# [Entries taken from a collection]
—————

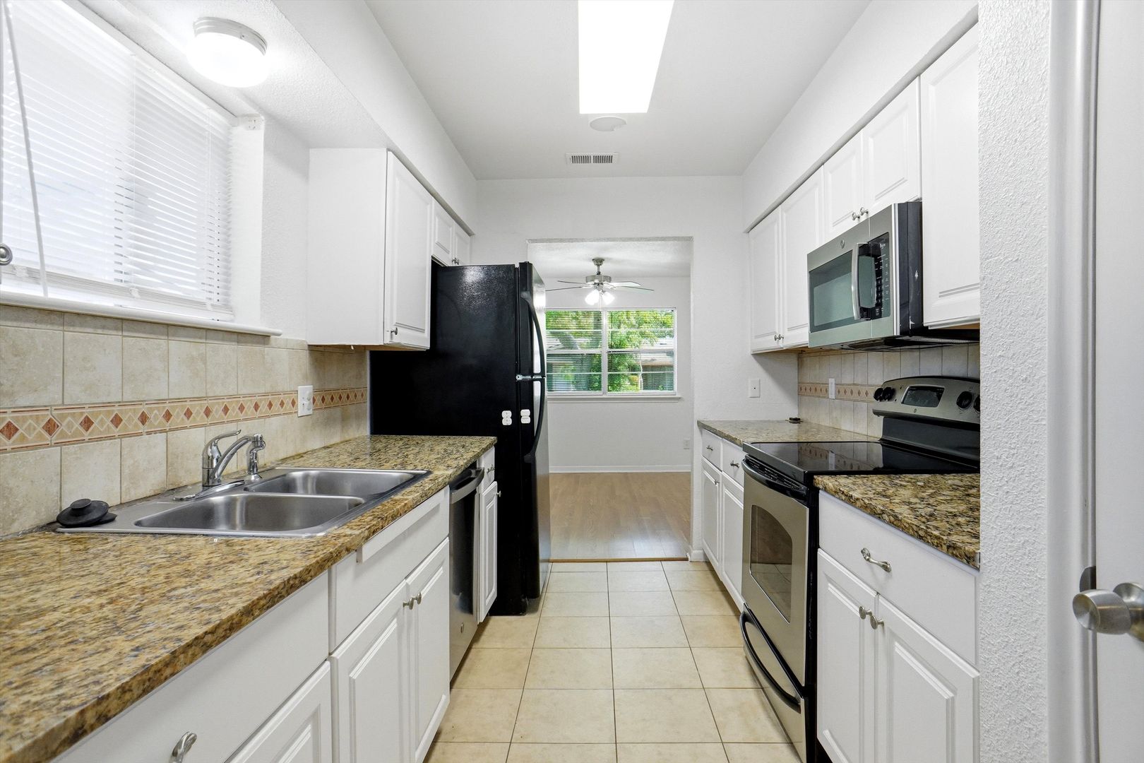 The kitchen and living areas provide a comfortable setting for everyday living and entertaining. In-unit laundry with washer and dryer adds convenience, while central air conditioning and gas heating ensure year-round comfort. The home also includes a detached garage with additional parking.
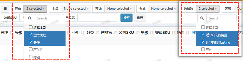 - 查看:用于筛选关注的 Listing,可选值:重点关注 / 关注 / 不关注 / 隐藏,支持多选;默认选中 重点关注、关注。
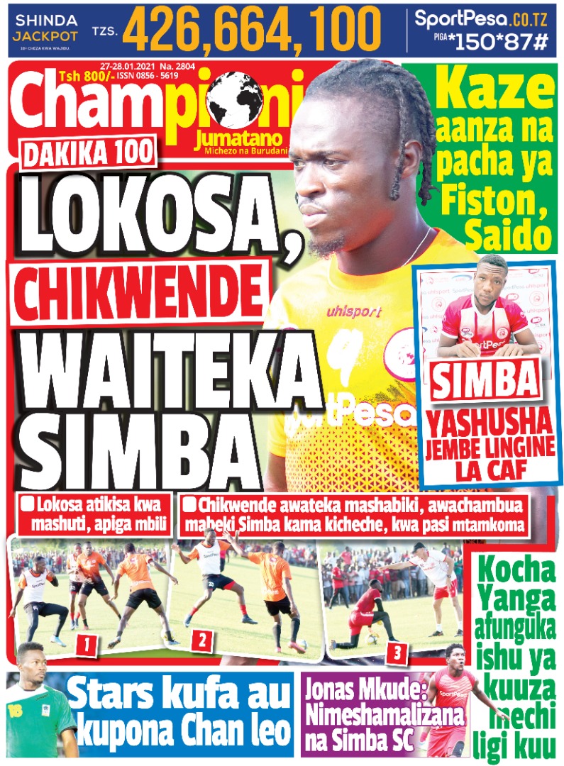 Home Ligi Kuu MUONEKANO WA UKURASA WA MBELE GAZETI LA CHAMPIONI JUMATANO Ligi Kuu MUONEKANO WA UKURASA WA MBELE GAZETI LA CHAMPIONI JUMATANO By admin - January 27, 2021 275 0 MUONEKANO wa ukurasa wa mbele Gazeti la Championi Jumatano
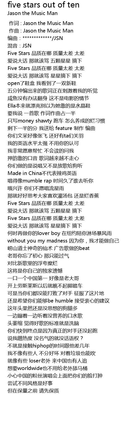 | [01:35.951] | Five Stars 品质在哪 质量太差 太差 |
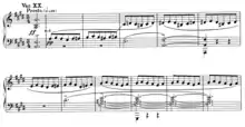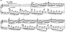 | XXI | Andante (60 bpm) - Più vivo (100 bpm) | D♭ major C major | 24 bars in D♭ major followed by 29 bars of 3 4 in C major marked Più vivo (100 bpm) |

—————

# [What needs to be done]
The answer must be an exact copy of the lines from the one with "- 查看:用于筛选关注的 Listing,可选值:重点关注" through the final line above, both ends included, and nothing else; pictures stay out.

# [Result of the task]
 - 查看:用于筛选关注的 Listing,可选值:重点关注 / 关注 / 不关注 / 隐藏,支持多选;默认选中 重点关注、关注。
 Home Ligi Kuu MUONEKANO WA UKURASA WA MBELE GAZETI LA CHAMPIONI JUMATANO Ligi Kuu MUONEKANO WA UKURASA WA MBELE GAZETI LA CHAMPIONI JUMATANO By admin - January 27, 2021 275 0 MUONEKANO wa ukurasa wa mbele Gazeti la Championi Jumatano
 | [01:35.951] | Five Stars 品质在哪 质量太差 太差 |
 | XXI | Andante (60 bpm) - Più vivo (100 bpm) | D♭ major C major | 24 bars in D♭ major followed by 29 bars of 3 4 in C major marked Più vivo (100 bpm) |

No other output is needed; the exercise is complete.